您可以使用下面的代码,它基于相同的原理。它基于 numpy.
中描述的等式def vonmises_kde(data, kappa, n_bins=100):
from scipy.special import i0
bins = np.linspace(-np.pi, np.pi, n_bins)
x = np.linspace(-np.pi, np.pi, n_bins)
# integrate vonmises kernels
kde = np.exp(kappa*np.cos(x[:, None]-data[None, :])).sum(1)/(2*np.pi*i0(kappa))
kde /= np.trapz(kde, x=bins)
return bins, kde
这是一个例子
import matplotlib.pyplot as plt
import numpy as np
from numpy.random import vonmises
# generate complex circular distribution
data = np.r_[vonmises(-1, 5, 1000), vonmises(2, 10, 500), vonmises(3, 20, 100)]
# plot data histogram
fig, axes = plt.subplots(2, 1)
axes[0].hist(data, 100)
# plot kernel density estimates
x, kde = vonmises_kde(data, 20)
axes[1].plot(x, kde)
Histogram and kernel density plots
这是对@kingjr 更准确答案的快速近似:
def vonmises_pdf(x, mu, kappa):
return np.exp(kappa * np.cos(x - mu)) / (2. * np.pi * scipy.special.i0(kappa))
def vonmises_fft_kde(data, kappa, n_bins):
bins = np.linspace(-np.pi, np.pi, n_bins + 1, endpoint=True)
hist_n, bin_edges = np.histogram(data, bins=bins)
bin_centers = np.mean([bin_edges[1:], bin_edges[:-1]], axis=0)
kernel = vonmises_pdf(
x=bin_centers,
mu=0,
kappa=kappa
)
kde = np.fft.fftshift(np.fft.irfft(np.fft.rfft(kernel) * np.fft.rfft(hist_n)))
kde /= np.trapz(kde, x=bin_centers)
return bin_centers, kde
测试(使用tqdm做进度条和计时,matplotlib验证结果):
import numpy as np
from tqdm import tqdm
import scipy.stats
import matplotlib.pyplot as plt
n_runs = 1000
n_bins = 100
kappa = 10
for _ in tqdm(xrange(n_runs)):
bins1, kde1 = vonmises_kde(
data=np.r_[
np.random.vonmises(-1, 5, 1000),
np.random.vonmises(2, 10, 500),
np.random.vonmises(3, 20, 100)
],
kappa=kappa,
n_bins=n_bins
)
for _ in tqdm(xrange(n_runs)):
bins2, kde2 = vonmises_fft_kde(
data=np.r_[
np.random.vonmises(-1, 5, 1000),
np.random.vonmises(2, 10, 500),
np.random.vonmises(3, 20, 100)
],
kappa=kappa,
n_bins=n_bins
)
plt.figure()
plt.plot(bins1, kde1, label="kingjr's solution")
plt.plot(bins2, kde2, label="dolf's FFT solution")
plt.legend()
plt.show()
结果:
100%|██████████| 1000/1000 [00:07<00:00, 135.29it/s]
100%|██████████| 1000/1000 [00:00<00:00, 1945.14it/s]
(1945 / 135 = 快 14 倍)
要获得更快的速度,请使用 2 的整数次方作为 bin 的数量。

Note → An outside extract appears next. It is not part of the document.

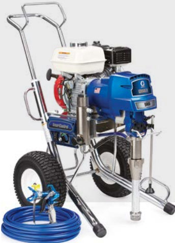
GMAX II 5900 Standard 17E831

GMAX II 7900 Standard Series Sprayer includes Graco's Endurance MaxLife Piston Pump:

它还具有更好的扩展性(即,它可以快速处理许多 bin 和大量数据)。在我的电脑上,它比 n_bins=1024.
的原始答案快 118 倍为什么有效?
两个信号(没有零填充)的 FFT 的乘积等于 circular (or cyclic) convolution of the two signals. A kernel density estimation 基本上是一个与具有脉冲的信号卷积的内核在每个数据点的位置。
为什么不准确?
由于我使用直方图space数据均匀,所以我丢失了每个样本的确切位置,只使用它所属的bin的中心。每个 bin 中的样本数用作该点的脉冲幅度。 例如: 暂时忽略规范化,如果您有一个从 0 到 1 的容器,并且该容器中有两个样本,分别为 0.1 和 0.2,exact KDE将是 the kernel centred around 0.1 + the kernel centred around 0.2。近似值将是 2x`以 0.5 为中心的内核,这是 bin 的中心。